Repeat only the lines below from the one containing "От имени руководителя" through the one containing "教堂内精美的拱顶 华盖——下面还有人哦~ 教堂外漂亮的走廊和柱子", inclusive, exactly as written.

_Excerpted data_
++++++

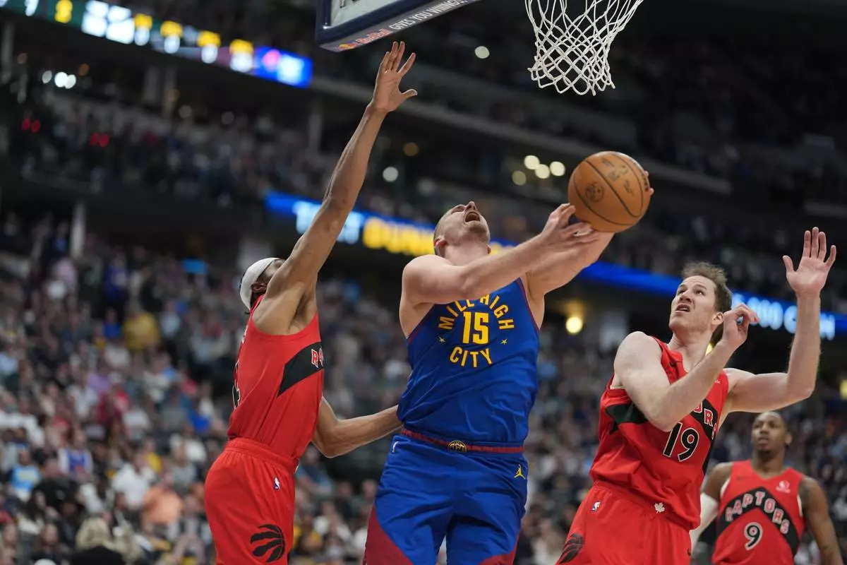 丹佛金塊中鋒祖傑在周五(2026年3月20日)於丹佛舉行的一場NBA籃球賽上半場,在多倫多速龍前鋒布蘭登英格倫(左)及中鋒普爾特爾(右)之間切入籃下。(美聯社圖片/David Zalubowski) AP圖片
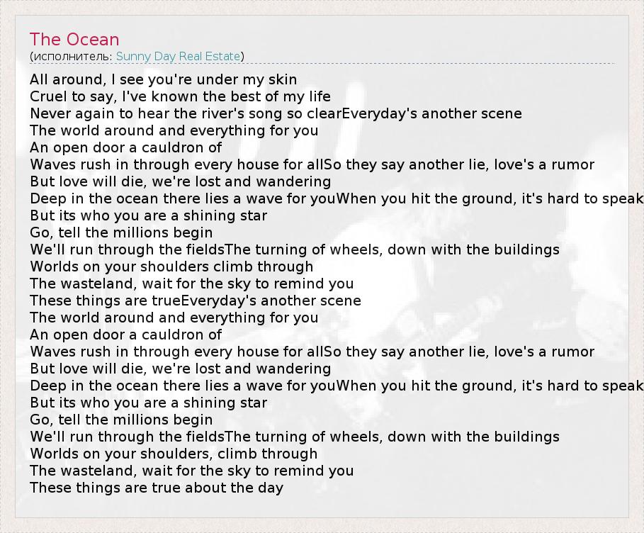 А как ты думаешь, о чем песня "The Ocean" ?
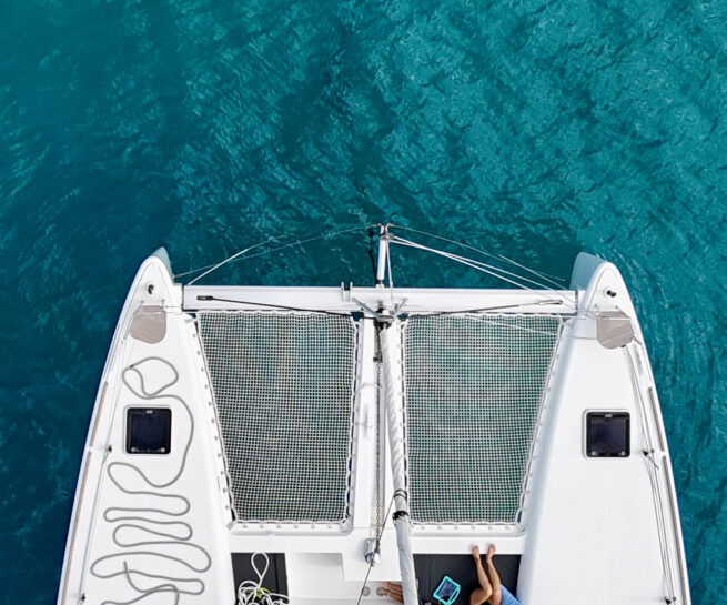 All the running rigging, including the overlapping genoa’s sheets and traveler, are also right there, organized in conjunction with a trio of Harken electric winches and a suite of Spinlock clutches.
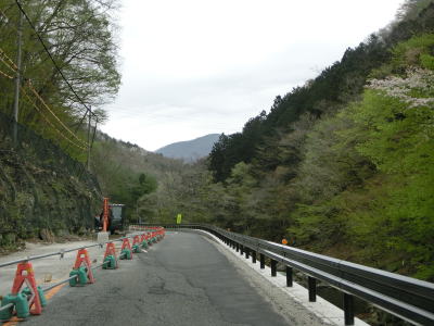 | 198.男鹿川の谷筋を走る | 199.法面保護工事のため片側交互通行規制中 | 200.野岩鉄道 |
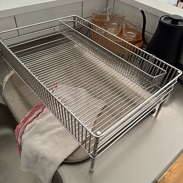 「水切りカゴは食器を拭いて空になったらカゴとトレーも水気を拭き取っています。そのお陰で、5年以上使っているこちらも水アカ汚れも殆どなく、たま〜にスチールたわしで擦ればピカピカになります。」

++++++

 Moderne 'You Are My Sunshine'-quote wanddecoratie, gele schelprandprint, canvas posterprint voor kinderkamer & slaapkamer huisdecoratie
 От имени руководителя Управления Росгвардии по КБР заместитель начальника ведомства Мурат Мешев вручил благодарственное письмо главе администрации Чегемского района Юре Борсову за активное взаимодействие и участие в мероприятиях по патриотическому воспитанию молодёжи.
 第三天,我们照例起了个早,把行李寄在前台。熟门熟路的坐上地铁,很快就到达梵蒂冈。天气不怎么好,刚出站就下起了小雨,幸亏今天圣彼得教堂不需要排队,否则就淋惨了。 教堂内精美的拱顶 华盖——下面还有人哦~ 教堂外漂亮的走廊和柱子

++++++

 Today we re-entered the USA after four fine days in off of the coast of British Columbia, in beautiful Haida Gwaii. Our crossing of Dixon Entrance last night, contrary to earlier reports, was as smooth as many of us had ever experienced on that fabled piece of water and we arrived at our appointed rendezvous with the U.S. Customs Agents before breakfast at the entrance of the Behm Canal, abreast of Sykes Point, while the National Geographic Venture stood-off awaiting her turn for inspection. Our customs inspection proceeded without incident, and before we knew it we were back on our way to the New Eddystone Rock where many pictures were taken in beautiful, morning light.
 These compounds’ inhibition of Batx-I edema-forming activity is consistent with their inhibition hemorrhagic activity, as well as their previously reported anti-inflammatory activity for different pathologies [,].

++++++

_Output of the exercise_
 От имени руководителя Управления Росгвардии по КБР заместитель начальника ведомства Мурат Мешев вручил благодарственное письмо главе администрации Чегемского района Юре Борсову за активное взаимодействие и участие в мероприятиях по патриотическому воспитанию молодёжи.
 第三天,我们照例起了个早,把行李寄在前台。熟门熟路的坐上地铁,很快就到达梵蒂冈。天气不怎么好,刚出站就下起了小雨,幸亏今天圣彼得教堂不需要排队,否则就淋惨了。 教堂内精美的拱顶 华盖——下面还有人哦~ 教堂外漂亮的走廊和柱子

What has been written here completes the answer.